90% Hoima women have multiple partners

Jul 18, 2012

About 90% of women in Hoima district have multiple sex partners, and half of them do not use condoms during sexual engagements, a survey on HIV/Aids, reproductive health and sanitation has revealed.

By Eddie Ssejjoba                                

About 90% of women in Hoima district have multiple sex partners, and half of them do not use condoms during sexual engagements, a survey on HIV/Aids, reproductive health and sanitation has revealed.

The District Population Officer, Lydia Asiimwe said that revelations of the survey carried out in February this year were so scary to the entire leadership. “There are even more shocking results,” Asiimwe said when called for a clarification.

Last week, she attributed the increasing HIV prevalence in the area to what the survey revealed, which she said stood at 6.4%.

“As leaders, there is cause for alarm given the fact that 50% of these women do not use condoms,” she told district leaders and officials from various organizations at a pre-World population day workshop at Hoima Resort Hotel.

The district population is projected at 549,000, a growth rate of 4.7 with a fertility rate of 6.9%. On the other hand, infant mortality rate in Hoima stands at 88 out of 1,000 live births and 437 women die during birth (maternal mortality rate).

Asiimwe said the district were organizing massive sensitization campaigns to educate women in rural areas, saying many did not know the risks involved in having more than one sex partner, more so when not protected.

“If our mothers can live life so carelessly like that, what do you expect the situation to be in the near future,” she told the workshop. She attributed this to ignorance, stressing that majority of women were not aware they had a right to protective sex.

The survey also revealed that most women in rural Hoima were illiterate and poor, therefore vulnerable to exploitation.

“Most of these women are the breadwinners in their homes yet their income levels are so low, they can therefore be easily compromised when confronted for money for sex,” she explained.   Early marriages and pregnancies among the youth were also found to be on the rise, which had increased risks in the reproductive health status. At least 66% of women faced problems during or after birth.
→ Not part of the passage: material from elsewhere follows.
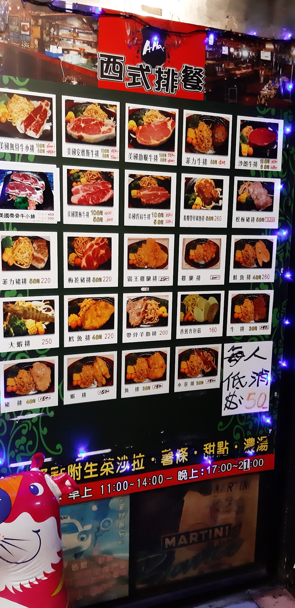 每週大約吃三次,濃湯、紅茶喝到滿意-選擇一種套餐還有薯條&麵包擇一、生菜沙拉&水果也是擇一,便宜又好吃,豬排、牛排、魚排、花枝排、蝦排、小卷排⋯每客套餐150元,還有雞腿排、霸王雞腿排、羊排、松板豬、菲力豬、牛排款式更多⋯價格平價又實惠-即可享受~吹著冷氣自在吃的阿哈牛排是吃午餐、晚餐的好地方???

Most health centers were found to be without qualified medical doctors, with a ratio of 1 to 49,920 patients and 33,280 for nurses. District leaders however noted that with the increasing influx of people in the district due to the discovery of oil had come along with challenges including sex workers.

They said many prostitutes had started making quick cash from businessmen and new immigrants and would accelerate the spread of HIV/Aids if the sensitization of communities was not intensified.